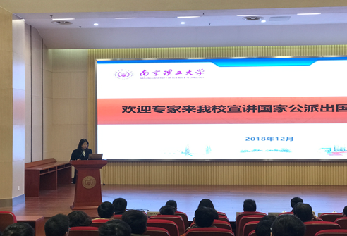 2018年12月14日,我校2019年国家公派出国留学政策宣讲会在校图书馆蔓菁报告厅顺利举行,国家留学基金管理委员会出国留学选培部龙嫚主任应我校邀请来访并解读2019年国家公派出国留学政策。研究生院副院长张琨、国际交流合作处副处长王瀚、教务处副处长王栋及相关工作负责人出席了会议。
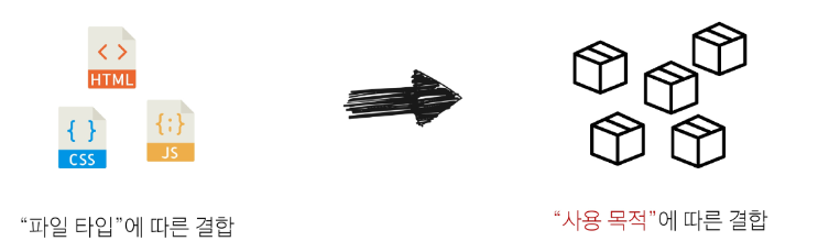 -> 프론트엔드 앱의 사용 목적이 점점 더 복잡해짐에 따라, 단순 파일 유형으로만 분리하게 될 경우 프로젝트의 목표를 달성 하는데 도움이 되지 않게 됨
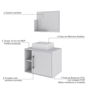 Sobre o ProdutoConjunto Balcão C/Cuba Q32 e Espelheira Soft 600 Branco ChessDescrição do Produto:O Conjunto Balcão C/Cuba e Espelheira Soft 600 KTSF600 tem design compacto, perfeito para pequenos espaços, conta com uma prateleira lateral e uma cuba de apoio, além da linha Basic traz móveis funcionais e de design tradicional, aliando simplicidade e estilo para seu ambiente de banheiro!Itens Inclusos:1 Conjunto Balcão C/Cuba e EspelheiraDimensões dos Produtos:Gabinete: 60 x 40 x 45 cmEspelheira: 53 x 10,5 x 42 cmCuba 33 x 30 x 10 cmInformações Logísticas (Comp. X Prof. X Alt.) 64 x 45 x 26 cm - Peso: 21,04 KgPeso Total: 21,04 KgObservações:Não acompanha acessórios decorativos. Imagens meramente ilustrativas.Informações Técnicas / Características:- Cor do Produto: Branco Chess- Cor do Predominante: Branco- Marca: Compace- Modelo: KTSF600- Linha: Basic- Material: Mdp - Acabamento: Perffect Acetinado- Escala de Brilho: Fosco- Fita de Borda: Pvc- Possui Portas: 1- Tipo de Porta: Bater- Tipo da Dobradiça: Metálica - Material do Puxador: Abs- Possui Prateleiras: 2- Peso Máximo por Prateleira: 1 kg Espelheira / 3 kg Balcão- Possui Pés: Não, suspenso - Possui Espelho: Sim- Possui Vidro: Sim- Acompanha Cuba / Lavatório: Sim, de Mármore Sintético- Furação para Cuba / Lavatório: Não- Tipo da Cuba: Apoio- Cor da Cuba: Branca- Suporta Até (kg): 16 kg - Peso Lí.: 19,62Kg- Recomendações de Uso, Manutenção e Limpeza: Para a limpeza, utilize flanela seca ou pano macio levemente umedecido em água. Utilize um pano seco em seguida. Evite com produtos químicos (solventes, thinner, acetona, etc) e não utilize nenhum tipo de esponja de aço.- Necessita de Montagem: Sim / Acompanha Manual de Montagem- Complexidade da Montagem: Média: pode ser montado por mais de uma pessoa e/ou necessite de maior conhecimento para montagem.- Garantia: 6 meses Material: Mdp | Acabamento: Perffect Acetinado | Escala de Brilho: Fosco | Fita de Borda: Pvc | Possui Portas: 1 | Tipo de Porta: Bater | Tipo da Dobradiça: Metálica | cor da cuba: Branco | Limite de unidades por venda: É possível comprar até 1 unidade por venda. | Quantidade máxima de pedido: 1 | Comprimento: 60 | Largura: 40 | Altura: 45 | Profundidade: 40 | Preço Tabelado: 304.60000000000002 | Cor: Multicolorido | Certificação de teste externa: Não Aplicável | Baterias são necessárias?: false | Palavras-chave de Pesquisa: Não aplicável | Fonte de energia: Não aplicável | Fabricante: Compace | Componentes incluídos: | Principais Características do Produto 2: | Principais Características do Produto 1: | Peso do item: | Principais Características do Produto 0: | Dimensões do item P x L x A: | Is Fragile: | da peça: | Exige montagem: | do modelo: | de caixas: | Quantidade de itens: Cor: Branco Chess C/Branco Chess

*WORK INSTRUCTIONS*: A word-for-word reprint of the listing above is needed, minus the pictures.

*OUTPUT OF THE EXERCISE*:
 2018年12月14日,我校2019年国家公派出国留学政策宣讲会在校图书馆蔓菁报告厅顺利举行,国家留学基金管理委员会出国留学选培部龙嫚主任应我校邀请来访并解读2019年国家公派出国留学政策。研究生院副院长张琨、国际交流合作处副处长王瀚、教务处副处长王栋及相关工作负责人出席了会议。
 -> 프론트엔드 앱의 사용 목적이 점점 더 복잡해짐에 따라, 단순 파일 유형으로만 분리하게 될 경우 프로젝트의 목표를 달성 하는데 도움이 되지 않게 됨
 Sobre o ProdutoConjunto Balcão C/Cuba Q32 e Espelheira Soft 600 Branco ChessDescrição do Produto:O Conjunto Balcão C/Cuba e Espelheira Soft 600 KTSF600 tem design compacto, perfeito para pequenos espaços, conta com uma prateleira lateral e uma cuba de apoio, além da linha Basic traz móveis funcionais e de design tradicional, aliando simplicidade e estilo para seu ambiente de banheiro!Itens Inclusos:1 Conjunto Balcão C/Cuba e EspelheiraDimensões dos Produtos:Gabinete: 60 x 40 x 45 cmEspelheira: 53 x 10,5 x 42 cmCuba 33 x 30 x 10 cmInformações Logísticas (Comp. X Prof. X Alt.) 64 x 45 x 26 cm - Peso: 21,04 KgPeso Total: 21,04 KgObservações:Não acompanha acessórios decorativos. Imagens meramente ilustrativas.Informações Técnicas / Características:- Cor do Produto: Branco Chess- Cor do Predominante: Branco- Marca: Compace- Modelo: KTSF600- Linha: Basic- Material: Mdp - Acabamento: Perffect Acetinado- Escala de Brilho: Fosco- Fita de Borda: Pvc- Possui Portas: 1- Tipo de Porta: Bater- Tipo da Dobradiça: Metálica - Material do Puxador: Abs- Possui Prateleiras: 2- Peso Máximo por Prateleira: 1 kg Espelheira / 3 kg Balcão- Possui Pés: Não, suspenso - Possui Espelho: Sim- Possui Vidro: Sim- Acompanha Cuba / Lavatório: Sim, de Mármore Sintético- Furação para Cuba / Lavatório: Não- Tipo da Cuba: Apoio- Cor da Cuba: Branca- Suporta Até (kg): 16 kg - Peso Lí.: 19,62Kg- Recomendações de Uso, Manutenção e Limpeza: Para a limpeza, utilize flanela seca ou pano macio levemente umedecido em água. Utilize um pano seco em seguida. Evite com produtos químicos (solventes, thinner, acetona, etc) e não utilize nenhum tipo de esponja de aço.- Necessita de Montagem: Sim / Acompanha Manual de Montagem- Complexidade da Montagem: Média: pode ser montado por mais de uma pessoa e/ou necessite de maior conhecimento para montagem.- Garantia: 6 meses Material: Mdp | Acabamento: Perffect Acetinado | Escala de Brilho: Fosco | Fita de Borda: Pvc | Possui Portas: 1 | Tipo de Porta: Bater | Tipo da Dobradiça: Metálica | cor da cuba: Branco | Limite de unidades por venda: É possível comprar até 1 unidade por venda. | Quantidade máxima de pedido: 1 | Comprimento: 60 | Largura: 40 | Altura: 45 | Profundidade: 40 | Preço Tabelado: 304.60000000000002 | Cor: Multicolorido | Certificação de teste externa: Não Aplicável | Baterias são necessárias?: false | Palavras-chave de Pesquisa: Não aplicável | Fonte de energia: Não aplicável | Fabricante: Compace | Componentes incluídos: | Principais Características do Produto 2: | Principais Características do Produto 1: | Peso do item: | Principais Características do Produto 0: | Dimensões do item P x L x A: | Is Fragile: | da peça: | Exige montagem: | do modelo: | de caixas: | Quantidade de itens: Cor: Branco Chess C/Branco Chess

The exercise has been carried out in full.